Friday, June 06, 2008

The race to the bottom continues.

The dark side of globalisation
May 29th 2008
From The Economist print edition
Jobs come, but they soon go again

A DECADE ago, Samorin—a small town in western Slovakia, on the banks of the river Danube—was one of many good places in which to watch the effect of globalisation on central Europe. The town was full of cheap, experienced workers in need of jobs, with unemployment at 20%. Foreign investors duly arrived, notably Samsonite, an American luggage-maker, which set up a factory there in 1997. The town’s location helped, near a four-way border where Slovakia, Hungary, Austria and the Czech Republic meet in a cat’s cradle of big roads and railway lines. There are scores of similar towns across the region that attracted jobs from higher-cost, more highly regulated labour markets farther west.

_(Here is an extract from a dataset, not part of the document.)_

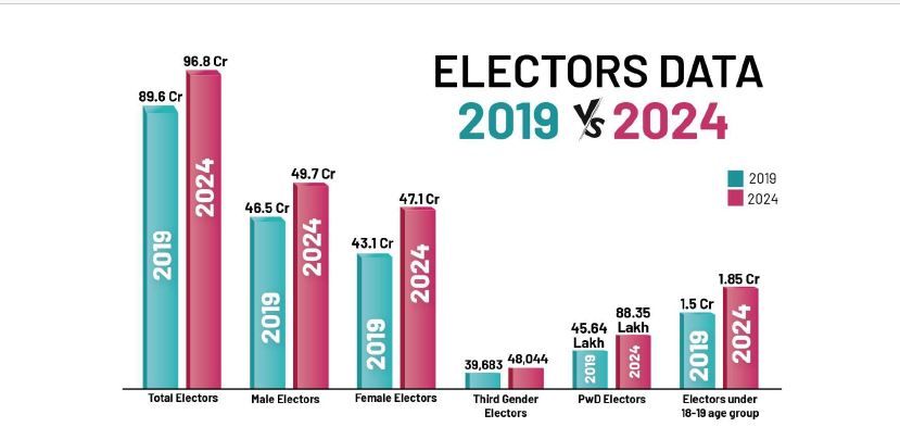 കമ്മിഷന്റെ കണക്കുപ്രകാരം ഇത്തവണ 96.88 കോടി(96,88,21,926) വോട്ടര്മാരുണ്ട്. സ്വാഭാവികമായും ഇതുവരെയുള്ള റെക്കോര്ഡ് എണ്ണമാണിത്. വോട്ടര്മാരുടെ എണ്ണം കഴിഞ്ഞ പൊതുതിരഞ്ഞെടുപ്പു കാലത്തേക്കാള് 6 ശതമാനം കൂടിയിട്ടുണ്ട്. ഇത്തവണ, ഇതുവരെ ആകെ രജിസ്റ്റര് ചെയ്ത വോട്ടര്മാരില് 49,72,31,994 പുരുഷന്മാരും 47,15,41,888 സ്ത്രീകളുമാണ്. 2019-ല് 89.6 കോടിയായിരുന്നു 2019 ലെ ആകെ വോട്ടര്മാരുടെ എണ്ണം. അഞ്ച് കൊല്ലം കഴിഞ്ഞപ്പോള് വര്ധനവ് 7.2 കോടി. പുരുഷന്മാരുടെ എണ്ണം 2019-ല് 46.5 കോടിയായിരുന്നത് ഇപ്പോള് 49.7 കോടിയായി. വനിതകളുടെ എണ്ണം 43.1 കോടിയായിരുന്നത് 47.1 കോടിയായി.

Workers, trade unions and politicians in old Europe mourned each factory moving east. But, as a European Commission official explains off the record, such shifts were fully expected: offshoring "was the whole idea of enlargement". The process, though wrenching to some, made the European Union as a whole more competitive and spread the benefits of global trade to every corner of Europe.

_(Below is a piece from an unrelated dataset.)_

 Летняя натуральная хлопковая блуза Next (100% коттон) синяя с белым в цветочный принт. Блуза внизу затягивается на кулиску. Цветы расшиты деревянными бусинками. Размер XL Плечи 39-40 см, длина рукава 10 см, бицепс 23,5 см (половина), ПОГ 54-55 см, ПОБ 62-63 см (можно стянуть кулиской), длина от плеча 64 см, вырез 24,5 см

So far, so familiar. But things have moved on in Samorin. Even though new investment and jobs are still arriving in Slovakia, and proximity still counts, this river town has already lost a factory to offshoring. Samsonite closed its plant in 2006, shedding all 350 staff and shifting production to China...

Now that they appear finished exploiting Eastern European workers, more jobs are moving to the backwaters of China and India, where no pesky EU laws exist. There was one interesting comment at the end of the article, though:

Günter Verheugen, now EU commissioner for enterprise and industry, has been touring some of the new member countries, urging governments to prepare for rising labour costs. The newcomers’ success was based on three things, says Mr Verheugen: cheap labour, skilled and motivated workers, and an existing industrial base. Now costs are rising but productivity is growing painfully slowly, from a low base. The newcomers face the same problem as Spain and Portugal did on entry: relying too heavily on foreign investors to bring technologies and jobs, rather than creating indigenous centres of research and development. In the longer term, if new EU members "cannot compete on costs, they have to compete on quality and innovation", says Mr Verheugen.

In other words, they need to stop relying on foreign job providers and - you guessed it - relocalize! Now why didn't we think of that?